The reason: These production IT solutions are relics of an era when centralization was the paradigm. They lie as monolithic blocks on their own servers. And they have their firmly assigned place in the automation pyramid between ERP at the top and SCADA, PLC and machines at the bottom. This rigid principle sets narrow limits, lacking the necessary flexibility.
For example, it is often problematic to really collect all the data, consolidate it and make it available throughout the company - but this is extremely important for traceability or the analysis of key production figures, for example. In addition, new functions can only be added and rolled out with difficulty, and the integration of new machines, systems or even plants involves a great deal of effort and therefore high costs.

Complete networking
All this does not fit into a time in which decentralization is the new paradigm. At a time when the automation pyramid is to become an automation network in which the various MES functions - or better: all production-related functions - are handled at different network points.
The aim is to create end-to-end services for companies that map complete processes and can be quickly set up, expanded or adapted as required - traceability is another good example here.
This is to be achieved through complete networking: from the machines and systems to the cloud. Because if everything can communicate with everything else, rigid, hierarchical structures are superfluous. On the one hand, such comprehensive networking requires a high degree of openness - also and above all with regard to the software.
Without this openness, the exchange of data quickly ends at the system's own boundaries. On the other hand, agile software modules are required. And agility in this context means, for example, that the software must be able to be installed easily and without great effort on existing infrastructure components in order to turn them into networkable smart devices. Accordingly, small, modular, adaptable units are more in demand. Large, high-performance applications have difficulties here.

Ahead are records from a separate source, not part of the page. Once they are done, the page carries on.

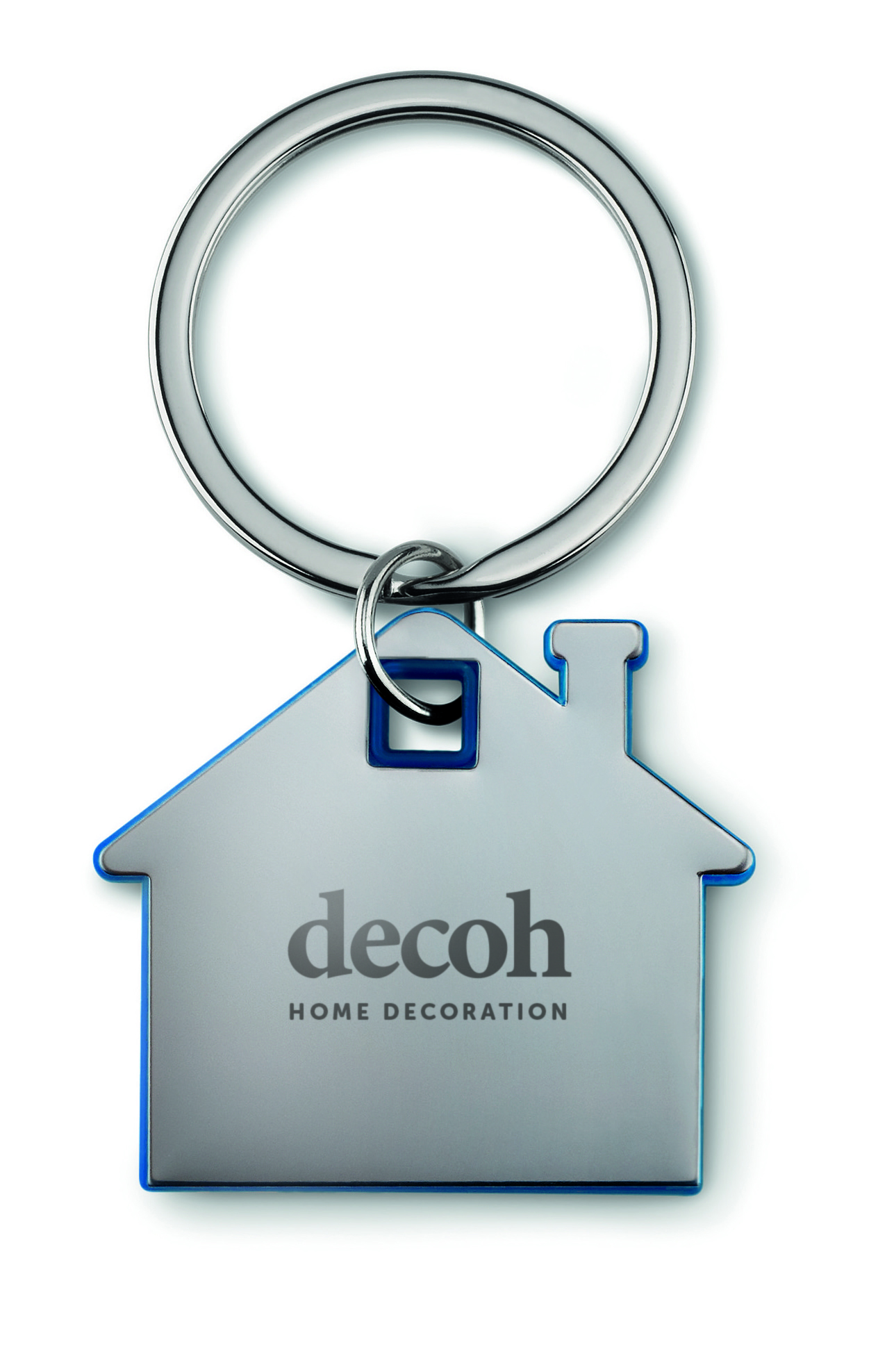 Brelok na klucze w kształcie domku, wykonany ze stali nierdzewnej oraz ABS.
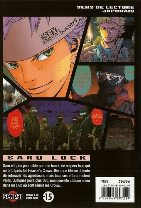 Dans ce volume, des collégiens décident de s'en prendre aux Heaven's Crows. Shibuya se transforme en terrain de Paintball géant. Les balles sifflent, et Saitô et Saru sont aux premières loges ! Notre serrurier arrivera-t-il à mettre les snipers sous clé oe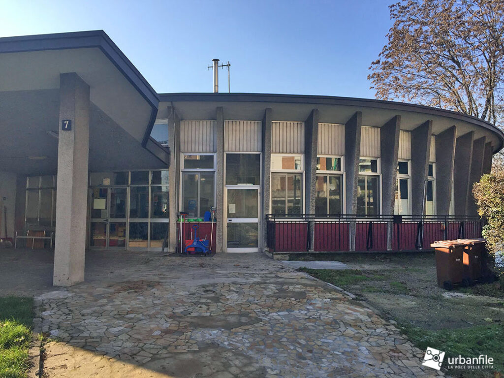Anche l’edificio per la Scuola Materna Comunale di via Console Marcello 7, venne realizzato nel 1961sempre da Arrighetti. Qui l’architettura di Arrighetti ha escogitato la forma circolare posta al centro di un giardinetto recintato. Anche in questo caso, forse, ci vorrebbe un po’ più di rispetto per il luogo, visto che il porticato secondario è utilizzato come deposito.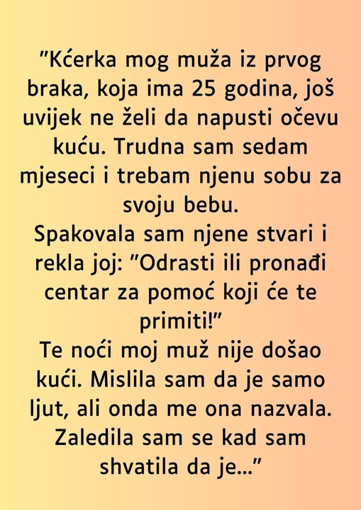 • Naizgled obična svakodnevica pretvorila se u prostor pun tenzija kada se 25-godišnja djevojka, koja je godinama živjela kod oca, suočila sa neočekivanom odlukom svoje maćehe. Prema onome što „Blic“ naglašava, u trenutku kada se u kući pojavila vijest o dolasku bebe, sve dotadašnje rutine i međusobni odnosi počeli su da se preispituju, a prostor koji je ranije bio dovoljan odjednom je postao premalen.

What applies to the software itself also applies to the associated business models of the providers. Genuine pay-per-use models that can be scaled in all directions are a much better fit for the networked age than license agreements with a long term that also include functions that are not yet needed. The rethink has only just begun at SAP and other established providers.
So is SAP in danger of going under with the fourth revolution? Certainly not. Because even in a networked infrastructure, large systems have their place and their justification. This is all the more true because Industry 4.0 does not stop on the factory floor, but also includes upstream and downstream commercial processes - and SAP continues to do an outstanding job here.
However, it is questionable whether the Walldorf-based company will be able to maintain its dominant position. Either they meet the requirements of the networked world and focus on openness and agility. Looking to the future, this is certainly the right way to go.
But it also makes it easier for users to decide against SAP here and there. Or the Walldorf-based company will stick to its current course. In this case, a plausible scenario is that SAP's playing field will gradually shrink.
Smart Industry Apps
With the Smart Industry Apps, Nemetris has developed an approach that is oriented to the new requirements. The Python-based and platform-independent applications can be installed in the existing distributed infrastructure on almost all components - from machines and systems to SAP systems and the cloud. On the one hand, the individual apps perform typical MES and production IT tasks. They collect, process and visualize data. On the other hand, they network previously isolated infrastructure components by turning simple hardware into bidirectional smart devices capable of communication. Nemetris also provides its customers and partners with an open framework. The apps can thus be individually adapted and expanded, and new applications can be developed on this basis.